A more immediate challenge for PLMs is their limited context length, a metric that defines the maximum number of tokens an LLM can take as input. For an LLM, it limits the number of words a model can process at once. And if it’s a chatbot, it’s a proxy of how much of the conversation it remembers. The longer this length is, the more complex patterns it can detect.
While the context length of current PLMs is no barrier for predicting protein structures of individual proteins, as they’re not that long, noted Hwang. However, they could miss out on long-range interactions across the genome. These “interactions are present in biological data, and we have evidence that we can capture those with existing methods and scaling,” said Hwang.
When an AI model predicts a protein’s structure or where it binds DNA, it doesn’t reveal what it is looking for. Researchers are trying to peer into this black box by improving the interpretability of PLMs. “If we can understand which components of a protein are important to its encoding through the language model, we can start to modify those protein sequences to get the properties that we want,“ said McWhite.

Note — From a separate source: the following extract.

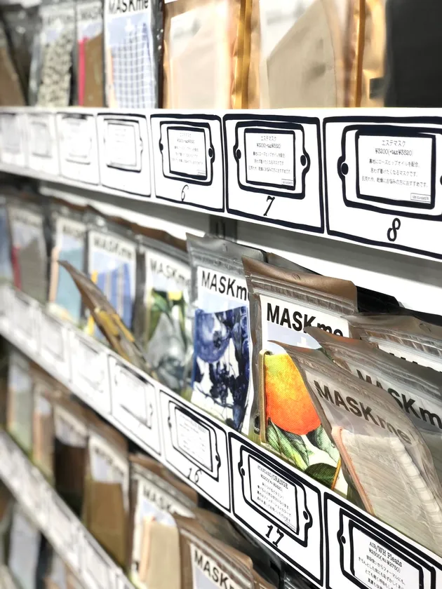 「MASKme/マスクミー」は昨年12月よりポップアップストアの展開を始めました。ECサイトが主ではありますが、実際に商品を見ることができる機会として各地で好評です。ポップなデコレーションに40種類以上のカラフルなマスクがずらっと並ぶ展示は、見る人を元気付けます。

Nature uses a limited repertoire of theoretically possible proteins. “There's a big promise of protein language models to combine with synthetic data to expand the known functional space of protein sequences,” said McWhite. PLMs could tap that unrealized diversity. Additionally, “we can then bring that back to train PLMs to create an even more universal description of protein sequences.”
As PLMs get better, researchers might be able to play with more parameters to design proteins for every conceivable use case. Further, it could allow “being able to design multi-protein context or identifying novel types of regulations or genomic syntax,” said Hwang.
AI is poised to expand the universe of proteins, and their interactions, available to synthetic biologists. “We very rarely go through an era like this where there is a very promising technology that can fundamentally change a lot of different things,” said Wei.